__Working data__:

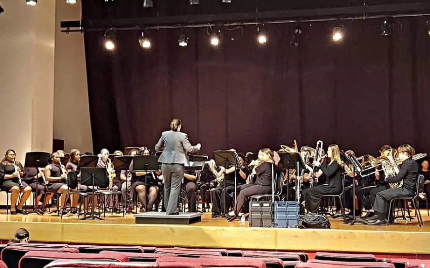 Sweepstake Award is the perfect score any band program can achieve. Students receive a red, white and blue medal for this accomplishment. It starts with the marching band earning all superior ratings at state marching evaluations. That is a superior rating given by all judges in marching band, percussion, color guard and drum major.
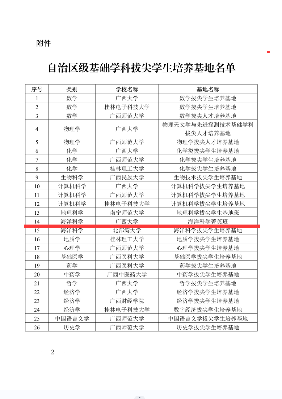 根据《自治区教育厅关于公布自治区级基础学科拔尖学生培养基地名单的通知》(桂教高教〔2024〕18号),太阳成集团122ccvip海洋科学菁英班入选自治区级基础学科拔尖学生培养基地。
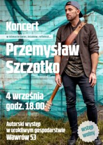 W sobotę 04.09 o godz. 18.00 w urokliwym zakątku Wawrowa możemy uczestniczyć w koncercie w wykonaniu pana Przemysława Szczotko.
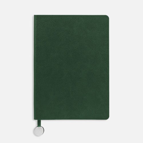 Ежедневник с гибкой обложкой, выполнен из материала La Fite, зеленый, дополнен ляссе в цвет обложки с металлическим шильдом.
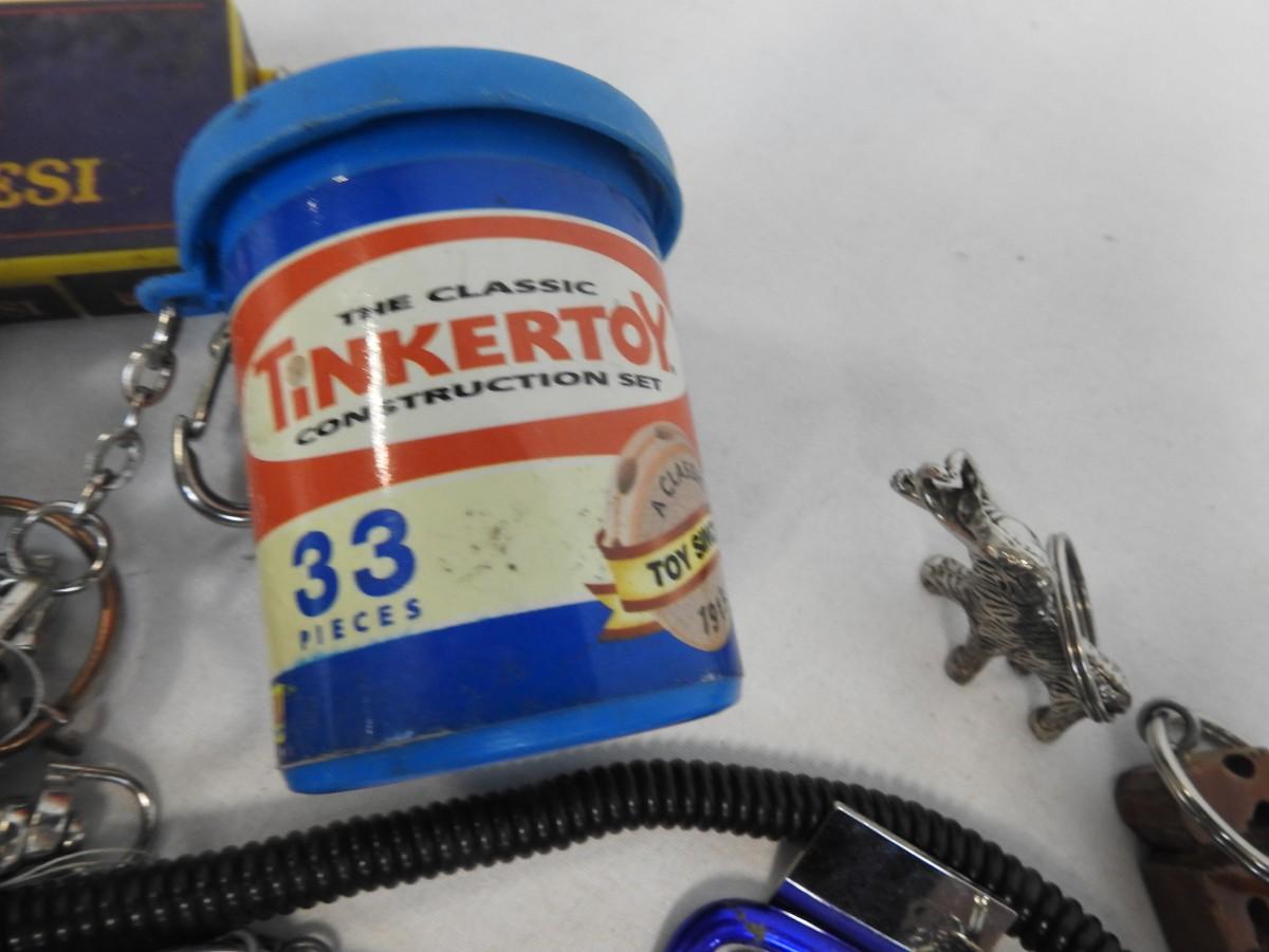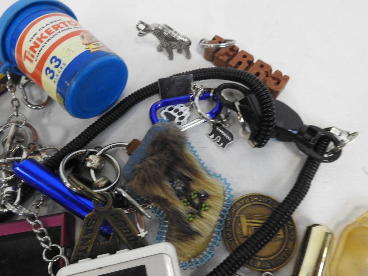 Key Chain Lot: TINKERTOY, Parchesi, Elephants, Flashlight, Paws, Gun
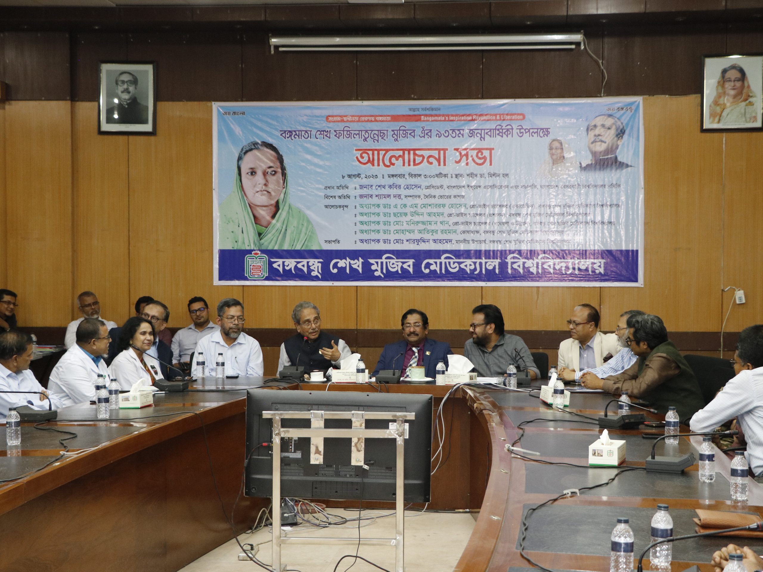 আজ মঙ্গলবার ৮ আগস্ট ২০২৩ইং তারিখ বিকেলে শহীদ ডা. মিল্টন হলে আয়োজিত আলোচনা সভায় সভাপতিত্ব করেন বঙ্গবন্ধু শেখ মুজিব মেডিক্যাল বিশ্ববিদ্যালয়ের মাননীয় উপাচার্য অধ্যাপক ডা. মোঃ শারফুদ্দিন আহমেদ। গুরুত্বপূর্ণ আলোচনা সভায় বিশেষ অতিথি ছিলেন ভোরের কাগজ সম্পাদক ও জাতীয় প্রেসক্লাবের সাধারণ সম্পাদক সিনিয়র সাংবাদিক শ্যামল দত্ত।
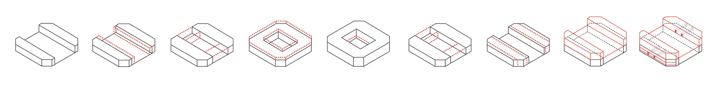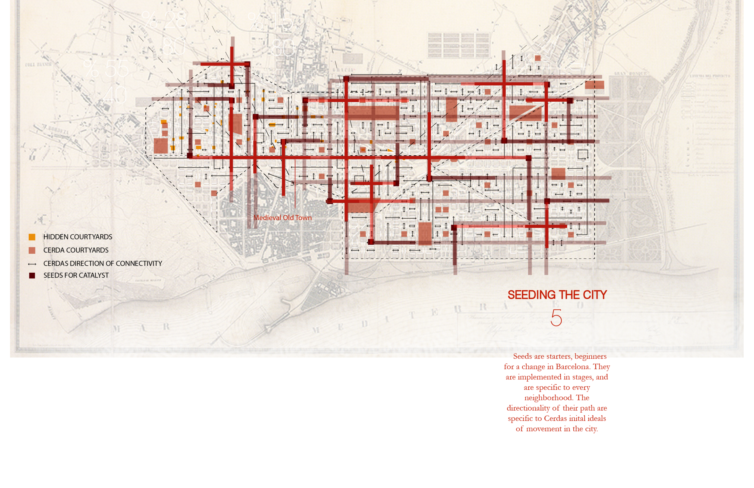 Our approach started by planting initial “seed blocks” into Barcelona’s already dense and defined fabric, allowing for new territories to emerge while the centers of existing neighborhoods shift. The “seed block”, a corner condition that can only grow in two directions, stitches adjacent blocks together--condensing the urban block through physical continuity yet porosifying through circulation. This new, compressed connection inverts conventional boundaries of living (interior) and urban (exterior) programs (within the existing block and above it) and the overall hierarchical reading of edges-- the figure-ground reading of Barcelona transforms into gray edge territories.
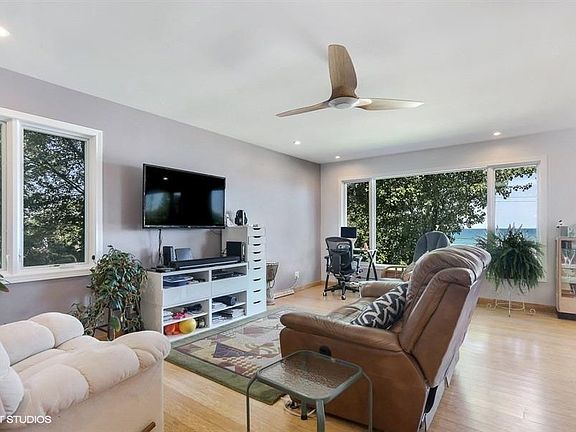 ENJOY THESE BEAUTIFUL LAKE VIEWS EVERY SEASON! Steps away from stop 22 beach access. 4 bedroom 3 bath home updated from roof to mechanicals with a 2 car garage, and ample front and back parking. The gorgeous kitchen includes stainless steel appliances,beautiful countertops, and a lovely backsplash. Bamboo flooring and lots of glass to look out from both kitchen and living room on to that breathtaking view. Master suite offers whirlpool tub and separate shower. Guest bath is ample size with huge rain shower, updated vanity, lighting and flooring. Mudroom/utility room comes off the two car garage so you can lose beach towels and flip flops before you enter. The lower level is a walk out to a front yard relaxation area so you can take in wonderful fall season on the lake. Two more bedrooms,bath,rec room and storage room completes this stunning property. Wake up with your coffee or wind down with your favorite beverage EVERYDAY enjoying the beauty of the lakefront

* * *

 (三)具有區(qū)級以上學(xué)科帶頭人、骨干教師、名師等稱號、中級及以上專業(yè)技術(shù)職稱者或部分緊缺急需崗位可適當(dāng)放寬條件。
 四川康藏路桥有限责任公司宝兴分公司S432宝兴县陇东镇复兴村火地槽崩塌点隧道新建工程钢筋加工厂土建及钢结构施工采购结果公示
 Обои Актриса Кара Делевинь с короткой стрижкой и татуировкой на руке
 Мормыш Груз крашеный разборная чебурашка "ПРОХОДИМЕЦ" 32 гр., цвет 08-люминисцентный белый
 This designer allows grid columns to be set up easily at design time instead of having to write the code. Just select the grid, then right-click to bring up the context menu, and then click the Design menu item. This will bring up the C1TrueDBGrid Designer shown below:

__Task__:
Extract the part of the records that opens with the line containing "Sweepstake Award is" and closes with the line containing "আজ মঙ্গলবার ৮". Take only those lines, exactly, and no pictures.

__Your solution__:
 Sweepstake Award is the perfect score any band program can achieve. Students receive a red, white and blue medal for this accomplishment. It starts with the marching band earning all superior ratings at state marching evaluations. That is a superior rating given by all judges in marching band, percussion, color guard and drum major.
 根据《自治区教育厅关于公布自治区级基础学科拔尖学生培养基地名单的通知》(桂教高教〔2024〕18号),太阳成集团122ccvip海洋科学菁英班入选自治区级基础学科拔尖学生培养基地。
 W sobotę 04.09 o godz. 18.00 w urokliwym zakątku Wawrowa możemy uczestniczyć w koncercie w wykonaniu pana Przemysława Szczotko.
 Ежедневник с гибкой обложкой, выполнен из материала La Fite, зеленый, дополнен ляссе в цвет обложки с металлическим шильдом.
 Key Chain Lot: TINKERTOY, Parchesi, Elephants, Flashlight, Paws, Gun
 আজ মঙ্গলবার ৮ আগস্ট ২০২৩ইং তারিখ বিকেলে শহীদ ডা. মিল্টন হলে আয়োজিত আলোচনা সভায় সভাপতিত্ব করেন বঙ্গবন্ধু শেখ মুজিব মেডিক্যাল বিশ্ববিদ্যালয়ের মাননীয় উপাচার্য অধ্যাপক ডা. মোঃ শারফুদ্দিন আহমেদ। গুরুত্বপূর্ণ আলোচনা সভায় বিশেষ অতিথি ছিলেন ভোরের কাগজ সম্পাদক ও জাতীয় প্রেসক্লাবের সাধারণ সম্পাদক সিনিয়র সাংবাদিক শ্যামল দত্ত।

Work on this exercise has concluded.